Dari keterangan di atas menarik untuk dicatat bahwa salah satu karakteristik madrasah yang cukup penting di Indonesia pada awal pertumbuhannya ialah bahwa didalamnya tidak ada konflik atau upaya mempertentangkan ilmu-ilmu agama dengan ilmu-ilmu umum.

Madrasah di Indonesia secara historis juga memiliki karakter yang sangat populis (merakyat), berbeda dengan madrasah pada masa klasik Islam. Sebagai lembaga pendidikan tinggi madrasah pada masa klasik Islam terlahir sebagai gejala urban atau kota. Madrasah pertama kali didirikan oleh Dinasti Samaniyah (204-395 H/819-1005 M)di Naisapur kota yang kemudian dikenal sebagai daerah kelahiran madrasah. Madrasah dipahami sebagai lembaga pendidikan Islam yang berada di bawah Sistem Pendidikan Nasional dan berada di bawah pembinaan Departemen Agama.

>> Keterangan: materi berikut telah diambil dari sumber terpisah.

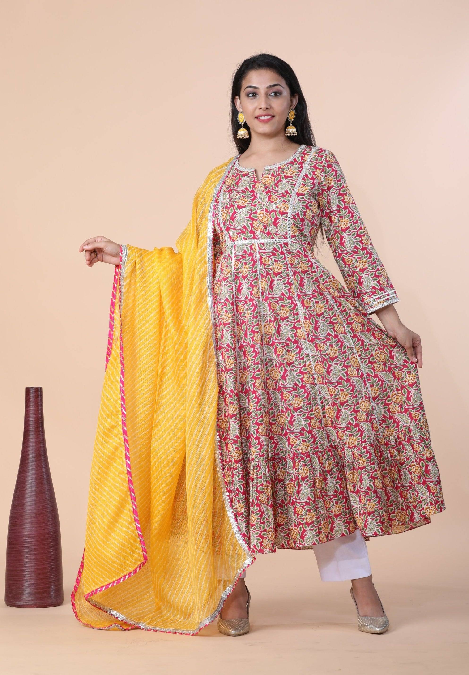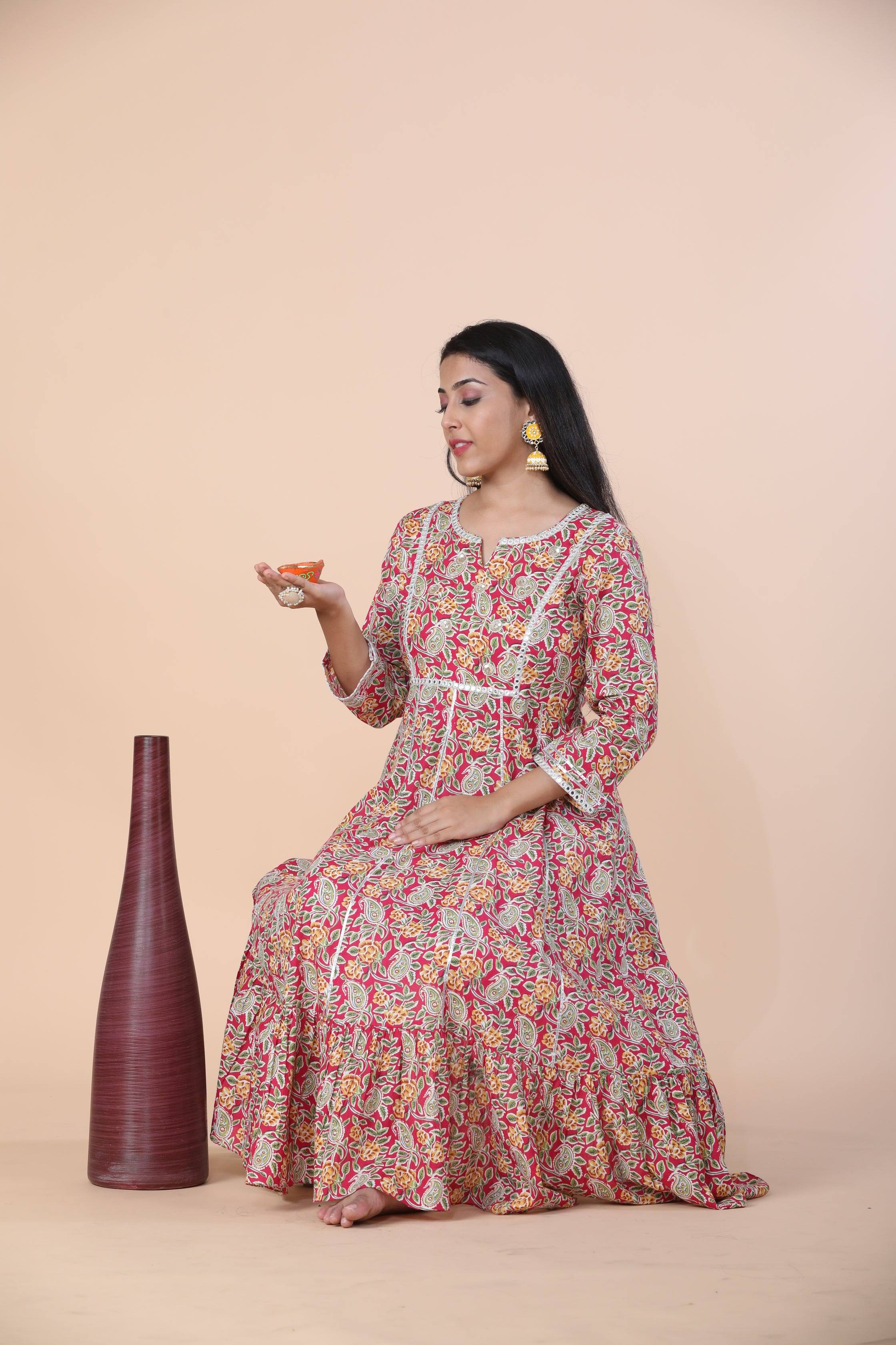 - Work-Print, gotta patti, zari & embroidery detailing.
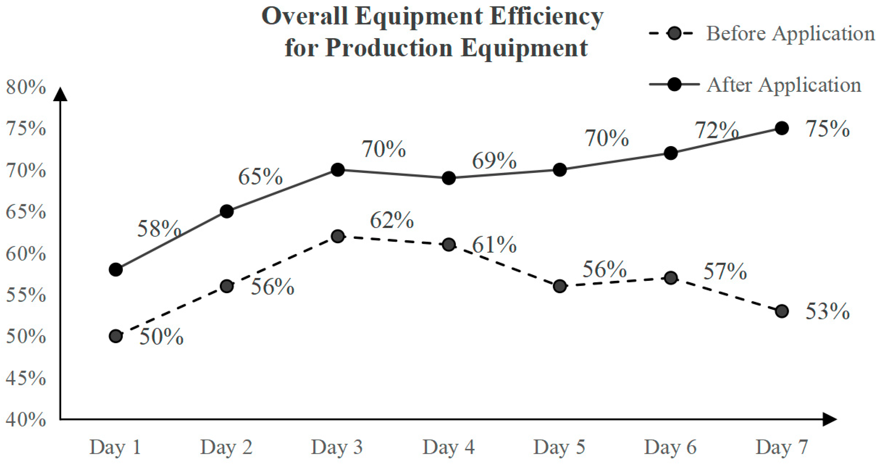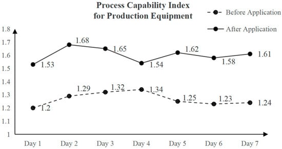 Figure 5). This result shows that by applying the functional model for the equipment predictive maintenance scenario, the two key indicators of the equipment process capability index and the average repair time of equipment faults have been significantly improved, effectively enhancing the continuity and stability of the production process and promoting a substantial improvement in the OEE of the production equipment in this workshop.
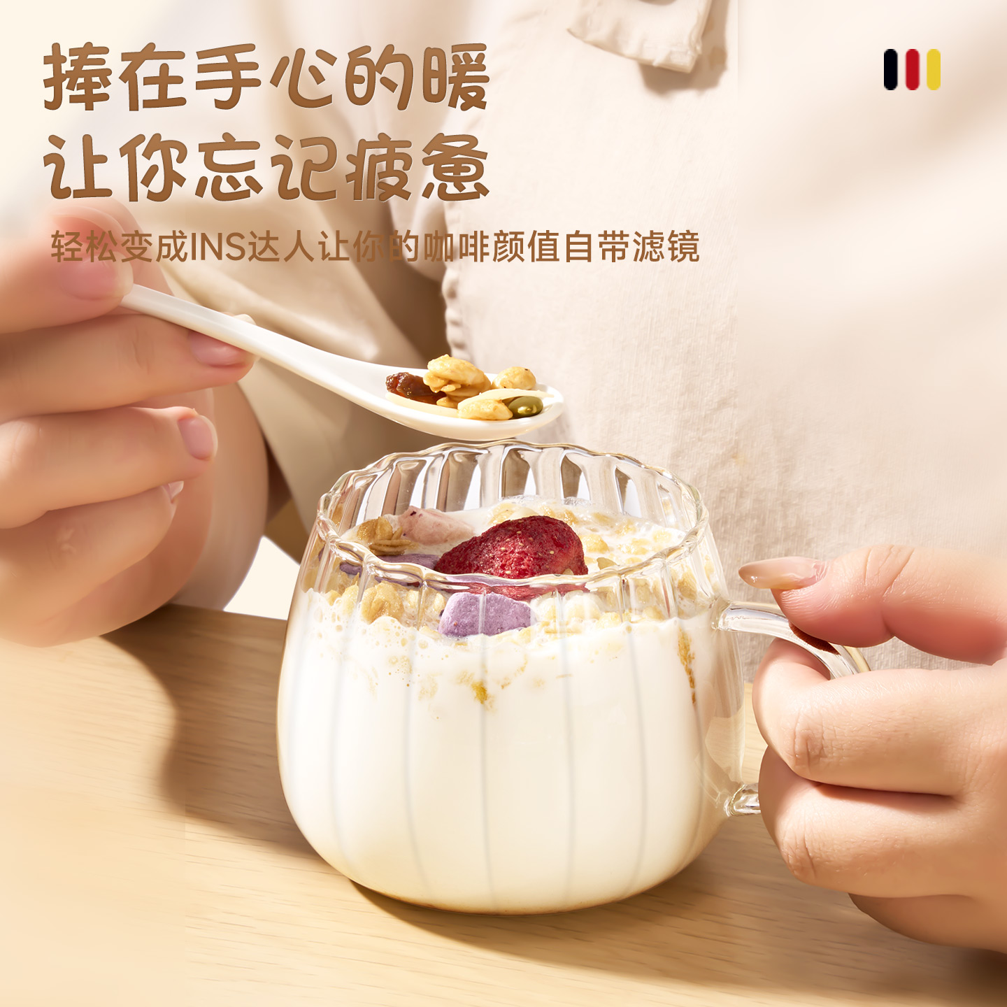 ins玻璃杯杯子卡通吸管杯勺刻度牛奶杯早餐杯情侣用微波炉便携
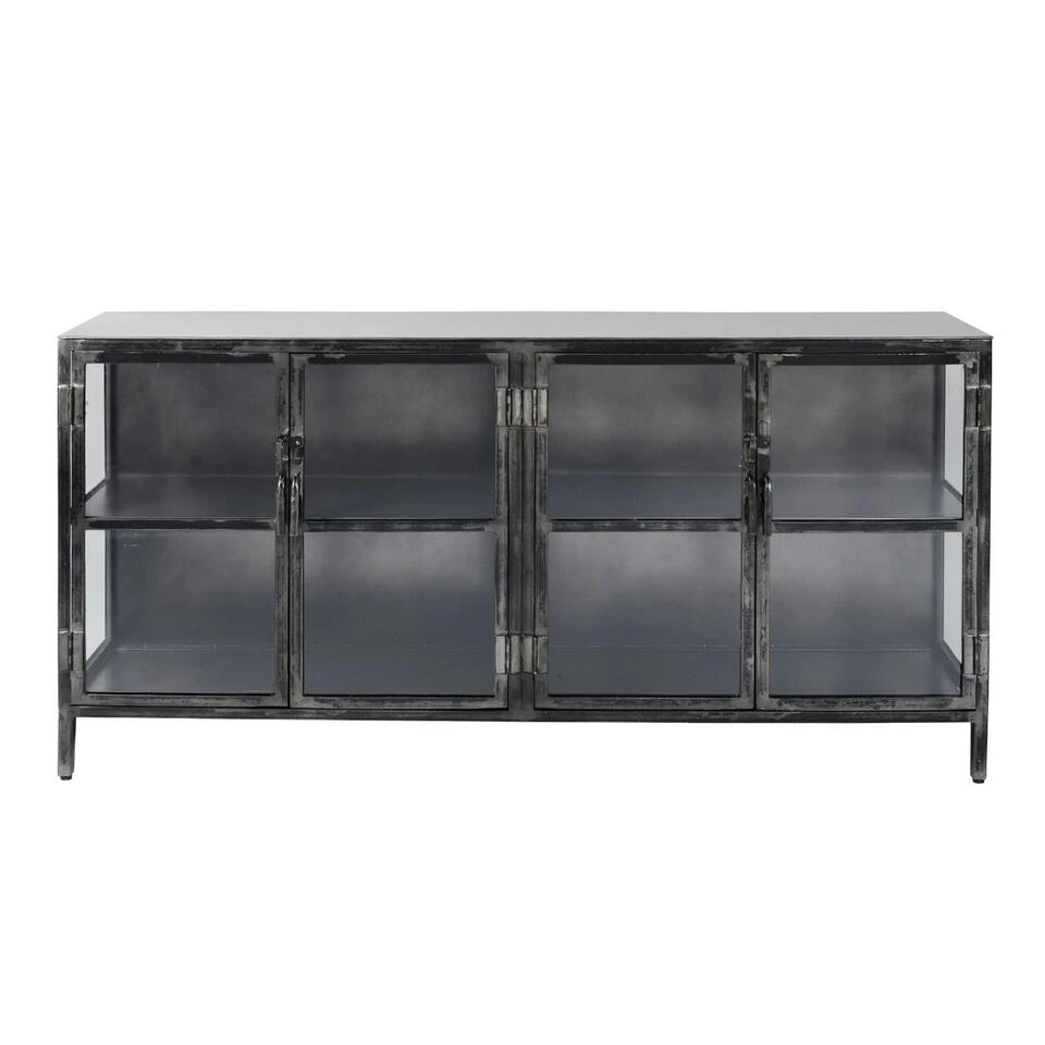 Ontdek dit stoere Evan dressoir met een breedte van 180 cm en welke grotendeels gemaakt is van gun metal. Dit model bevat vier glazen deuren, waarachter zich één schap bevindt. Precies in het midden is dit dressoir gesloten, wat betekent dat hij uit twee delen bestaat. Combineer dit dressoir met de andere meubels uit dezelfde serie voor een complete look!

D.   Perkembangan Madrasah Pada Masa Pra Kemerdekaan
Pada era kolonialis Belanda, perkembangan madrasah dimulai dari semangat reformasi yang dilakukan masyarakat Muslim. Ada dua faktor penting yang melatar belakangi kemunculan madrasah. Pertama, adanya pandangan yang mengatakan bahwa sistem pendidikan Islam tradisional dirasakan kurang bisa memenuhi kebutuhan pragmatis masyarakat. Kedua, adanya kekhawatiran atas kecepatan perkembangan persekolahan Belanda yang akan menimbulkan pemikiran sekuler di masyarakat. Untuk menyeimbangkan perkembangan sekulerisme, para reformis kemudian memasukkan pendidikan Islam dalam persekolahan melalui pembangunan madrasah. 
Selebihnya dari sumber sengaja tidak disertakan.